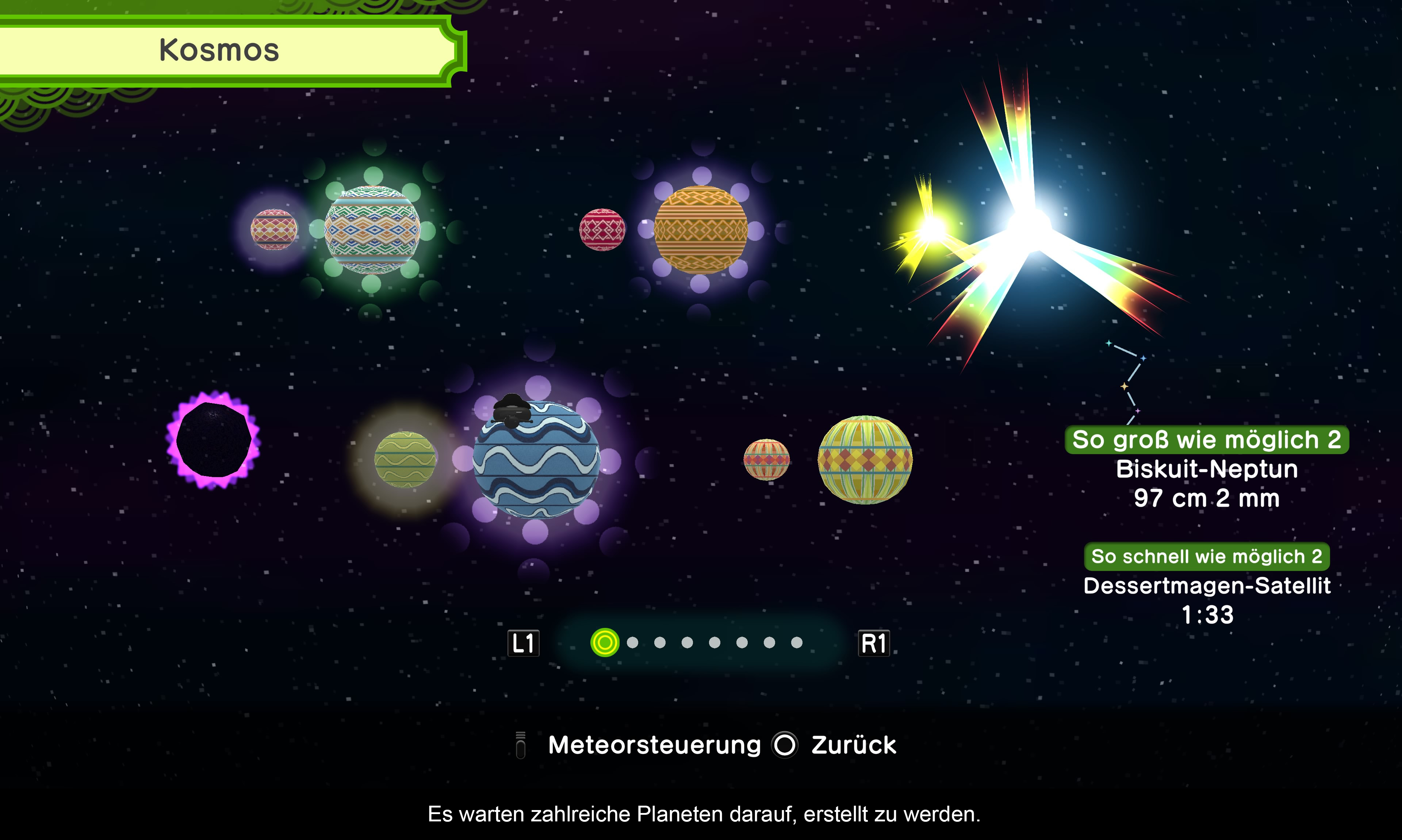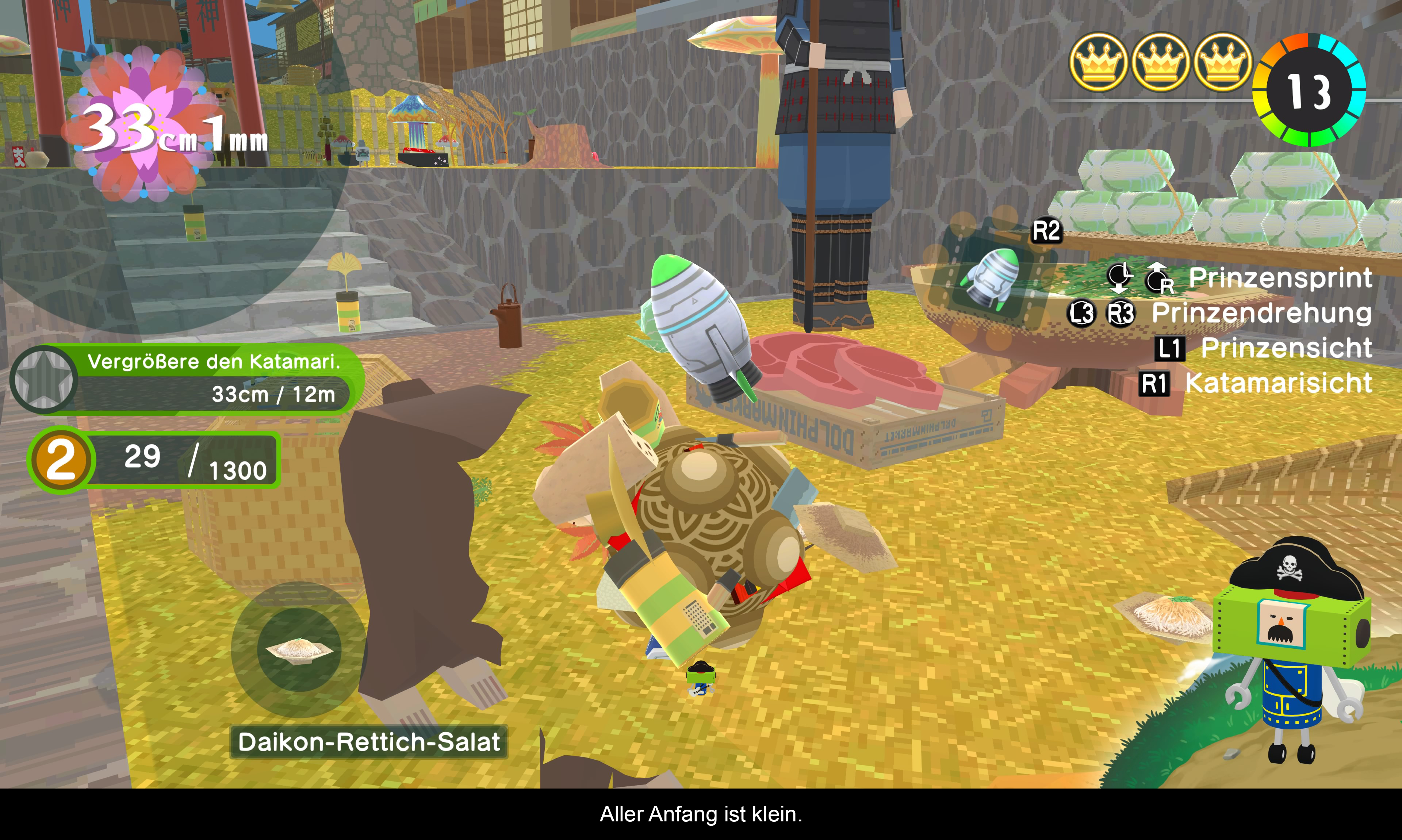 Das Spielprinzip scheint simpel: Rolle deinen Ball und sammle alle Objekte auf, bis du eine gewisse Größe erreicht hast. Das hört sich überschaubar und leicht an. Doch den Ball das machen zu lassen, ist die große Kunst! Die klassische Steuerung stammt noch aus der Zeit der „Tank“-Steuerung. Um den Ball zu rollen oder bestimmte Manöver (schnelle Wende, Turboschub etc.) durchzuführen, werden beide Analogsticks gebraucht. Wer nicht in Nostalgie schwelgen möchte, kann auf die neue Steuerung umstellen, bei der ein Stick den Ball und einer die Kamera steuert. Hat man sich mit der Steuerung arrangiert, beginnt der wahre Spaß. Für jedes Level gibt es eine Zielvorgabe, beispielsweise hinsichtlich der Größe oder der benötigten Zeit. Eure Aufgabe ist es, den besten Weg zu finden und Objekte möglichst geschickt aufzurollen. Wie weit ihr diese aufrollen könnt, hängt auch von der Größe des Balles ab. Dadurch kann man bei größeren Gegenständen schon mal abprallen und verliert ein paar Objekte. Doch mit der Zeit wird ein Hindernis zum weiteren Teil des Balls. So wechselt ihr innerhalb der Levels in unterschiedliche Areale. Eine kurze Ladepause zum Erstellen der neuen Objekte wird durch einen lustigen Satz des Königs überbrückt. Ist die Zeit abgelaufen oder die Zielgröße erreicht, folgt die Bewertung. Eine D-Bewertung reicht aus, um das Level zu bestehen, aber am Ende möchte man natürlich die beste Bewertung, ein S, erreichen. Egal, wie das Ergebnis ausfällt, es wird zu einem neuen Stern im Kosmos oder zu Sternenstaub.
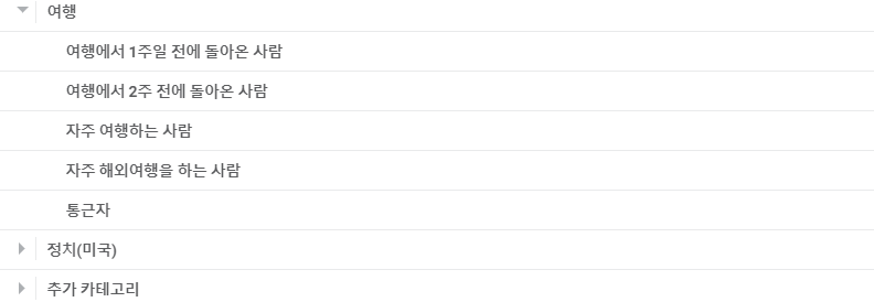 여행 관련 비즈니스의 경우 특히 이 행동 타게팅을 유용하게 사용하실 수 있는데요, 여행에서 1주일 전에 돌아온 사람, 여행에서 2주일 전에 돌아온 사람, 자주 여행하는 사람 등을 타겟할 수 있습니다.
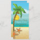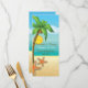 Palmeira e cardápio de destino de praia tropical, com um cenário tropical: palmeira com coco numa praia arenosa, mar azul/oceano e céu com sol e nuvens. Excelente para um casamento de praia, tropical. Azul, verde, amarelo, marrom.
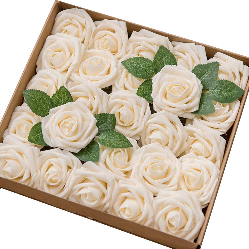 Flores artificiales 25PCS Cream Roses Flower Box Set con tallo para centros de mesa de boda DIY y decoraciones de mesa
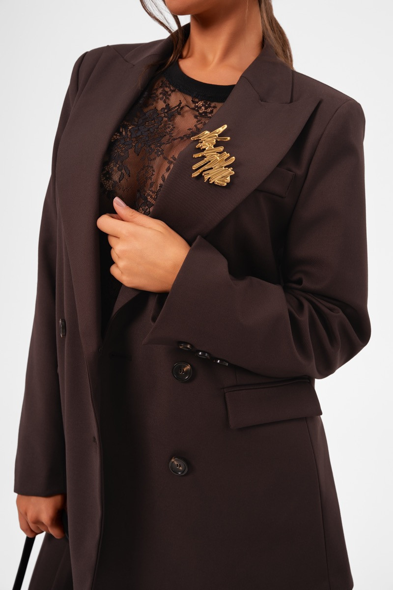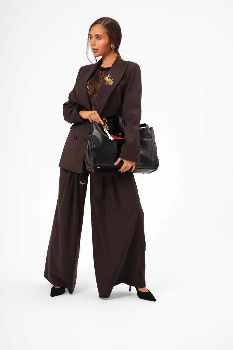 Елегантен и дръзък костюм в шоколадов нюанс, състоящ се от двуредно сако и широк панталон с висока талия. Силуетът е едновременно структуриран и флуиден – съчетава сила и изисканост в перфектен баланс.
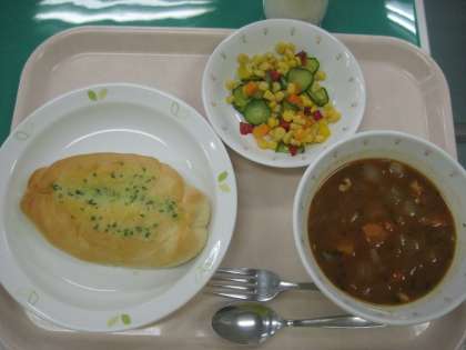 ガーリックフランス 牛乳 ビーンズシチュー トロピカルサラダ
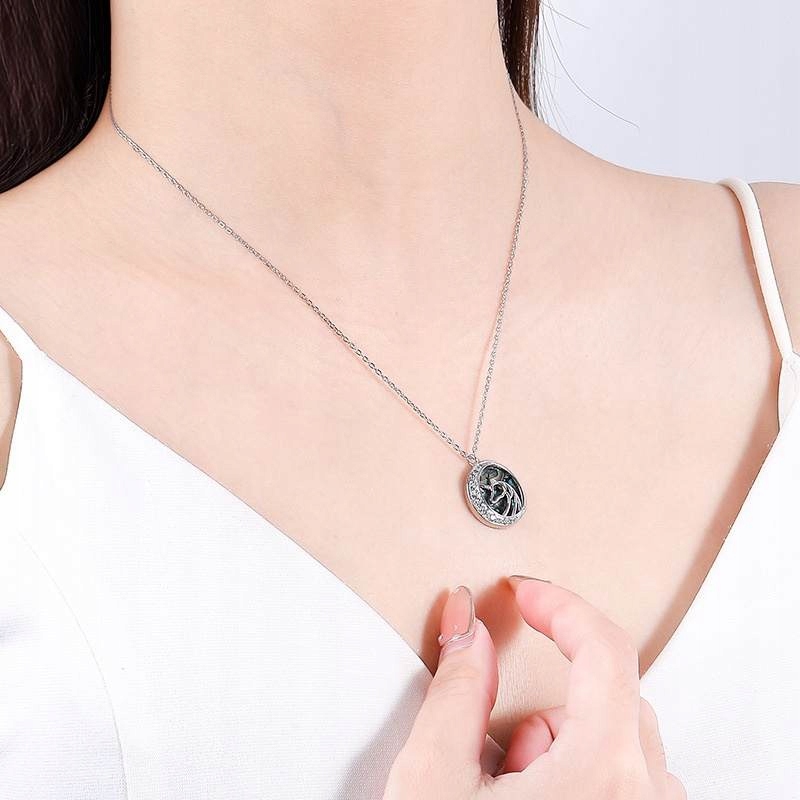 Naszyjnik wykonany ze srebra próby 925, zdobiony muszlą abalone.
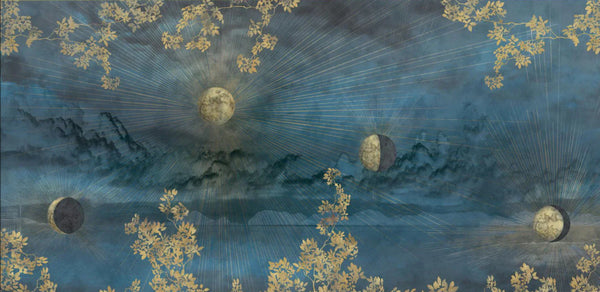 Celestial Moon Wall Mural, Moon Phases Blue Wallpaper, Large Space Custom Size Wall Covering, Non-Woven, Non-Pasted, Removable, Washable, Art

**WHAT YOU NEED TO DO:** Return the material from above in full, exactly as written, with the pictures omitted.

**EXERCISE SOLUTION:**
 Das Spielprinzip scheint simpel: Rolle deinen Ball und sammle alle Objekte auf, bis du eine gewisse Größe erreicht hast. Das hört sich überschaubar und leicht an. Doch den Ball das machen zu lassen, ist die große Kunst! Die klassische Steuerung stammt noch aus der Zeit der „Tank“-Steuerung. Um den Ball zu rollen oder bestimmte Manöver (schnelle Wende, Turboschub etc.) durchzuführen, werden beide Analogsticks gebraucht. Wer nicht in Nostalgie schwelgen möchte, kann auf die neue Steuerung umstellen, bei der ein Stick den Ball und einer die Kamera steuert. Hat man sich mit der Steuerung arrangiert, beginnt der wahre Spaß. Für jedes Level gibt es eine Zielvorgabe, beispielsweise hinsichtlich der Größe oder der benötigten Zeit. Eure Aufgabe ist es, den besten Weg zu finden und Objekte möglichst geschickt aufzurollen. Wie weit ihr diese aufrollen könnt, hängt auch von der Größe des Balles ab. Dadurch kann man bei größeren Gegenständen schon mal abprallen und verliert ein paar Objekte. Doch mit der Zeit wird ein Hindernis zum weiteren Teil des Balls. So wechselt ihr innerhalb der Levels in unterschiedliche Areale. Eine kurze Ladepause zum Erstellen der neuen Objekte wird durch einen lustigen Satz des Königs überbrückt. Ist die Zeit abgelaufen oder die Zielgröße erreicht, folgt die Bewertung. Eine D-Bewertung reicht aus, um das Level zu bestehen, aber am Ende möchte man natürlich die beste Bewertung, ein S, erreichen. Egal, wie das Ergebnis ausfällt, es wird zu einem neuen Stern im Kosmos oder zu Sternenstaub.
 여행 관련 비즈니스의 경우 특히 이 행동 타게팅을 유용하게 사용하실 수 있는데요, 여행에서 1주일 전에 돌아온 사람, 여행에서 2주일 전에 돌아온 사람, 자주 여행하는 사람 등을 타겟할 수 있습니다.
 Palmeira e cardápio de destino de praia tropical, com um cenário tropical: palmeira com coco numa praia arenosa, mar azul/oceano e céu com sol e nuvens. Excelente para um casamento de praia, tropical. Azul, verde, amarelo, marrom.
 Flores artificiales 25PCS Cream Roses Flower Box Set con tallo para centros de mesa de boda DIY y decoraciones de mesa
 Елегантен и дръзък костюм в шоколадов нюанс, състоящ се от двуредно сако и широк панталон с висока талия. Силуетът е едновременно структуриран и флуиден – съчетава сила и изисканост в перфектен баланс.
 ガーリックフランス 牛乳 ビーンズシチュー トロピカルサラダ
 Naszyjnik wykonany ze srebra próby 925, zdobiony muszlą abalone.
 Celestial Moon Wall Mural, Moon Phases Blue Wallpaper, Large Space Custom Size Wall Covering, Non-Woven, Non-Pasted, Removable, Washable, Art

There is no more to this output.